3.4.3 Convert generic sp to spatstat ppp format

# from sp object, convert into ppp format
wp_f_ppp <- as(wp_f_sp, "ppp")
wp_nf_ppp <- as(wp_nf_sp, "ppp")

View

par(mfrow=c(1,2))
plot(wp_f_ppp, main="Functional Water Points")
plot(wp_nf_ppp, main="Non-functional Water Points")
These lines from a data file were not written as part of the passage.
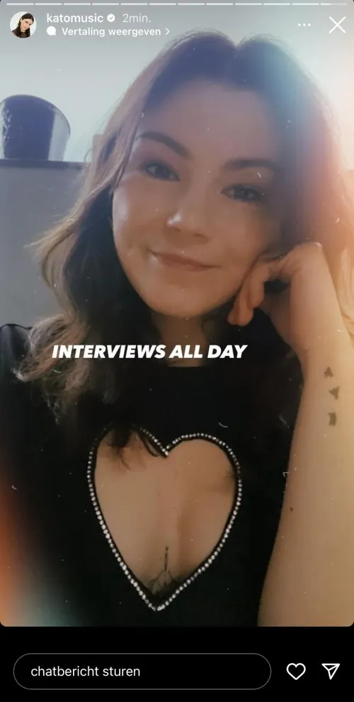 De 'Eurosong'-kandidaten hebben nu ook nog heel wat interviews op de planning staan. Dat laat ook Kato zien op haar Instagramverhaal. “De hele dag interviews”, schrijft ze bij een uitdagend plaatje. De zangeres plaatst een selfie waarop ze een bijzondere outfit draagt die weinig verhullend is. Zo heeft ze een zwart topje aan dat een uitgesneden decolleté heeft in de vorm van een hartje.
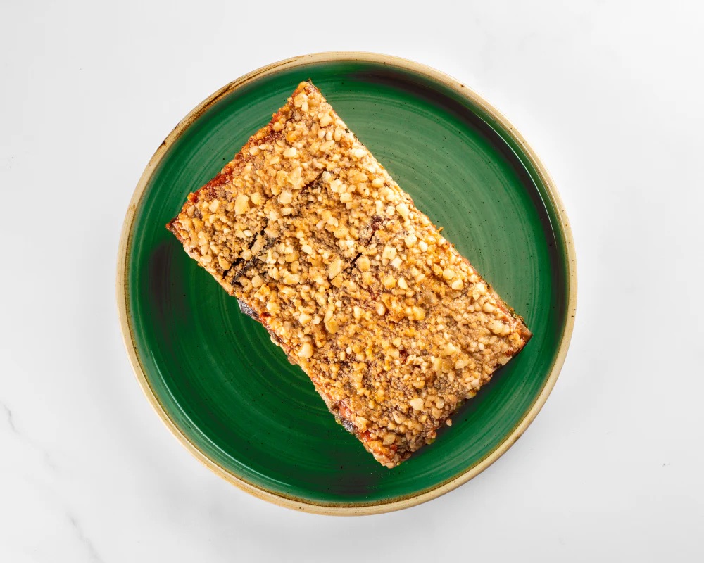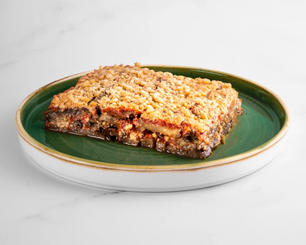 melanzane (67%), passata di pomodoro, ANACARDI, olio extravergine d’oliva, lievito alimentare, miso d’orzo [ORZO, SOIA, sale, acqua, koji], basilico, sale, farina di LUPINI, origano.
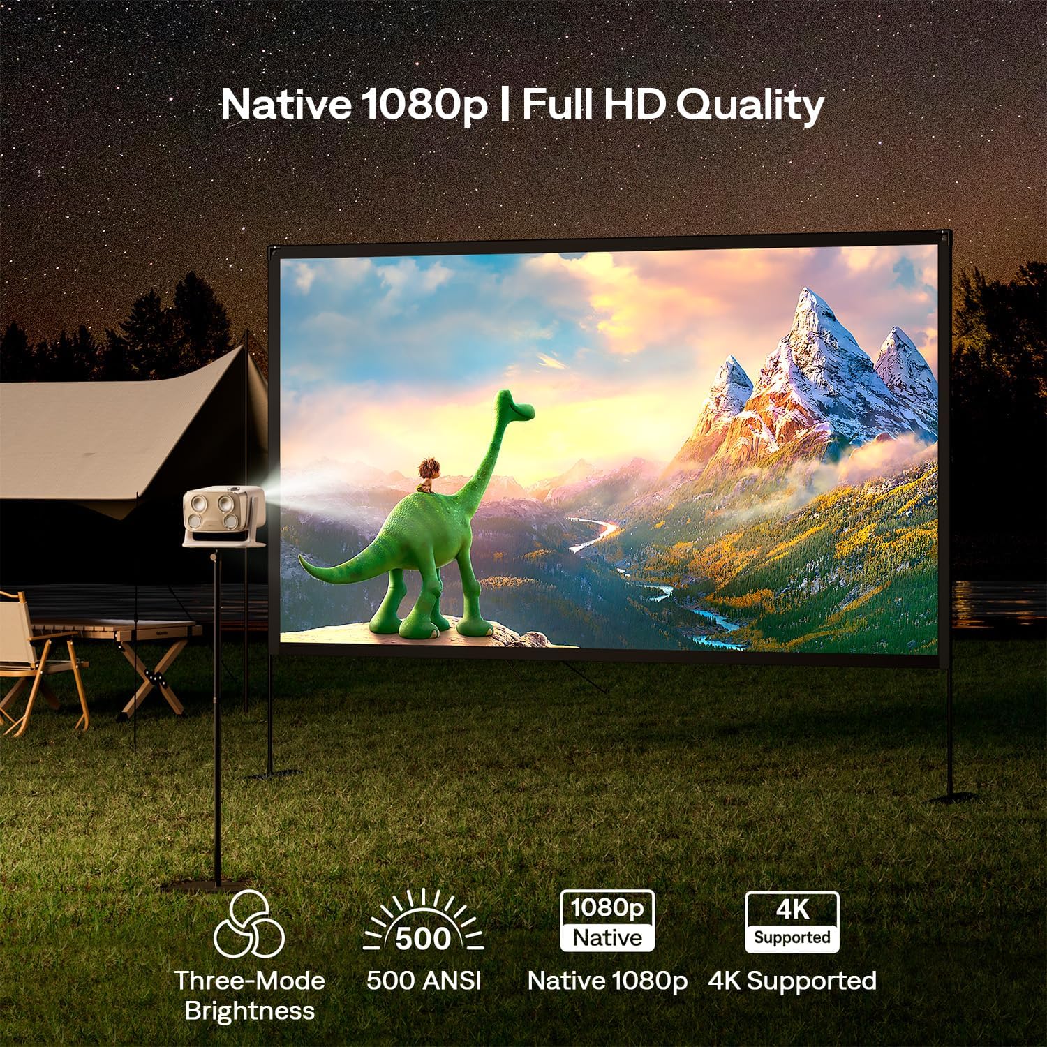4K Supported, 500 ANSI Lumens: With 500 ANSI authentic lumens and HDR10, BOOM mini outdoor projector delivers true-to-life colors and crisp 1080p visuals (Native 1080p & 4K supported), ensuring stunning clarity even in well-lit environments. Aurzen strictly measures brightness per ANSI (ISO/IEC 21118) standards and avoids any brightness exaggeration. (NOTE: Playing 4K content at native 1080P resolution requires a 4K device like a TV stick connected via HDMI.)
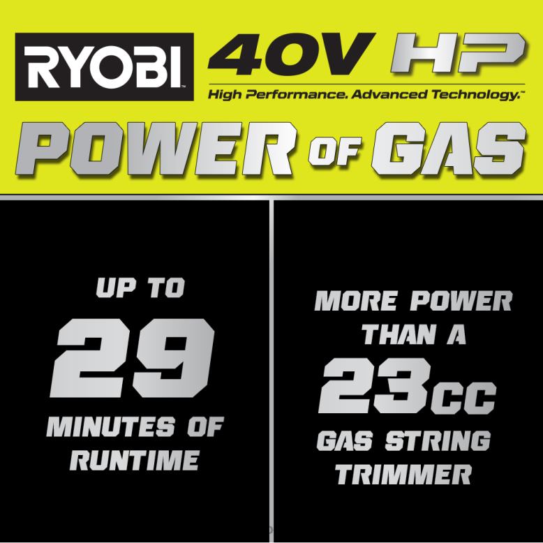- opptil 29 minutters kjøretid med et 40v 2ah batteri

3.4.3.1 Check for Duplication

any(duplicated(wp_f_ppp)); any(duplicated(wp_nf_ppp)) 
[1] FALSE
[1] FALSE

No duplicates 🤝 no jittering

3.4.4 Create Owin object

osun_owin <- as(osun_sp, "owin")
plot(osun_owin, main="Owin object of Osun State")

3.4.4 Combine point event object with Owin object

wp_f_ppp = wp_f_ppp[osun_owin]
wp_nf_ppp = wp_nf_ppp[osun_owin]

View

Code
par(mfrow=c(1,2))
plot(wp_f_ppp, main="Functional Water Points")
plot(wp_nf_ppp, main="Non-functional Water Points")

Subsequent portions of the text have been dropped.